I spent a year building a system where four robots autonomously arrange themselves into geometric shapes. The hardware was cheap: four ESP32 microcontrollers, some motors, a webcam mounted on a tripod. The hard part had nothing to do with hardware.
It was getting four agents to agree on what reality looks like.
The Setup
Each robot is an ESP32 driving two DC motors. An overhead camera connected to a laptop runs OpenCV to track the robots’ positions using colored markers. A central broker (Mosquitto, running on the laptop) handles all MQTT communication. The goal: you define a shape (say, a square) and the four robots drive to their assigned corners autonomously.
Simple on paper. Brutal in practice.
Why MQTT
I picked MQTT because it was designed for constrained devices on unreliable networks, which is exactly the situation. The publish/subscribe model meant robots didn’t need to know about each other directly. Each robot subscribes to its own command topic and publishes its status. The broker handles routing.
What I didn’t expect: the broker becoming a single point of failure. Early on, when the laptop went to sleep mid-run, all four robots stopped receiving commands and kept driving until they hit walls. Lesson one: you need a heartbeat. Robots now stop if they haven’t received a message in 500ms.
The Latency Problem
The first version worked, but robots would occasionally collide. The root cause: by the time a new position frame was processed by OpenCV and a corrected command was published, the robot had already moved 3-4cm further than expected. At 200ms total loop latency, that’s enough to cause a collision at the speeds I was running.
Getting this under 50ms required cutting the pipeline at every stage:
- Camera capture: dropped from 30fps to 60fps, used
cv2.CAP_DSHOWon Windows to bypass the default DirectShow buffer lag - Position detection: replaced contour-based detection with ArUco markers. 5ms per frame instead of 25ms.
- MQTT publish rate: switched from a polling loop to event-driven publishing, only sending when position changed by more than 5mm
- ESP32 side: moved from Arduino
delay()loops to FreeRTOS tasks with proper priority scheduling
End result: 43ms average loop latency, 50ms worst case.
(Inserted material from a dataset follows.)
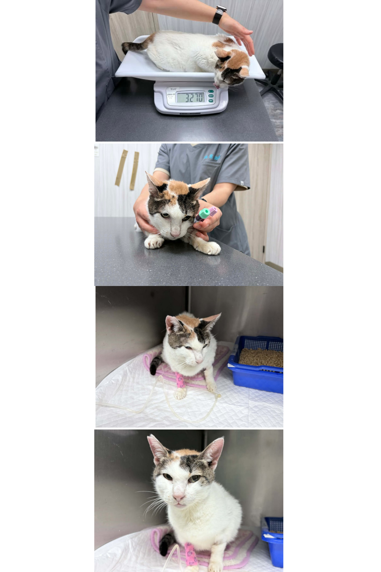 候補人員: 因考慮無人遞補、轉匯收費、信用卡刷卡匯率、寄送收據與郵資等成本,每筆醫助人數將斟酌彈性增加1-5位名額。 動物病情說明: 原本十分狼狽的老三花(善法),在安置兩週後,模樣越來越豐潤了一些。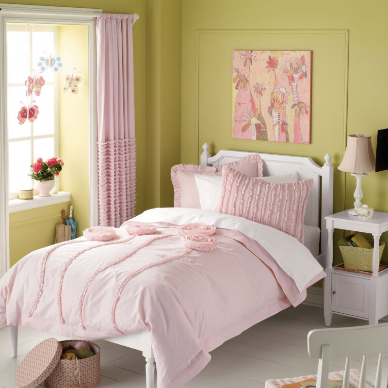Если больше по утрам — то, лучше всего выбирать светлые тона. Если в качестве основного вы выбрали розовый цвет, то пусть это будет нежно- или светло-розовый, в сочетании с другими светлыми оттенками.

Robots stopped colliding.
The Real Distributed Systems Problem
Here’s what textbooks don’t tell you about distributed systems: the hard part isn’t speed, it’s consensus.
When four robots are all moving simultaneously toward target positions, and each one is making decisions based on a position snapshot that’s 43ms old, you get drift. Robot A thinks Robot B is at position (120, 340). Robot B is actually at (128, 351). Both robots plan paths that don’t account for where the other actually is.
My solution was centralised path planning. The laptop calculates all four paths before any robot moves, checks for predicted intersections, and staggers departure times by 200ms per robot. It’s not elegant. A proper solution would involve distributed consensus and real-time replanning, but it worked reliably for the demos I needed.
The staggered departure approach also had an unexpected benefit: it made the shape formation look intentional and choreographed rather than chaotic. Accidentally good UX.
What Actually Broke
The most painful bug: MQTT message ordering. MQTT guarantees delivery (at QoS 1 and 2) but not ordering. Early on, a “go to position X” message would occasionally arrive after a “stop” message, causing a robot to start moving again after it had correctly stopped.
Fix: sequence numbers on every command. If a robot receives command #47 after already executing command #51, it ignores it. Ten lines of code, two weeks of confusion before I found the root cause.
What I’d Do Differently
If I rebuilt this now, I’d run ROS 2 instead of raw MQTT. The message ordering, timing, and multi-agent coordination primitives are already solved there. MQTT made sense for learning, but for anything production-grade with more than 2-3 agents, the overhead of building these guarantees yourself adds up fast.
I’d also instrument everything from day one. The latency breakdown I described above took three days to measure properly. Profiling should have been the first thing I built, not the last.
The system eventually ran 47 consecutive formation changes without a collision or communication failure. Getting there took about 400 hours across a year. Worth it.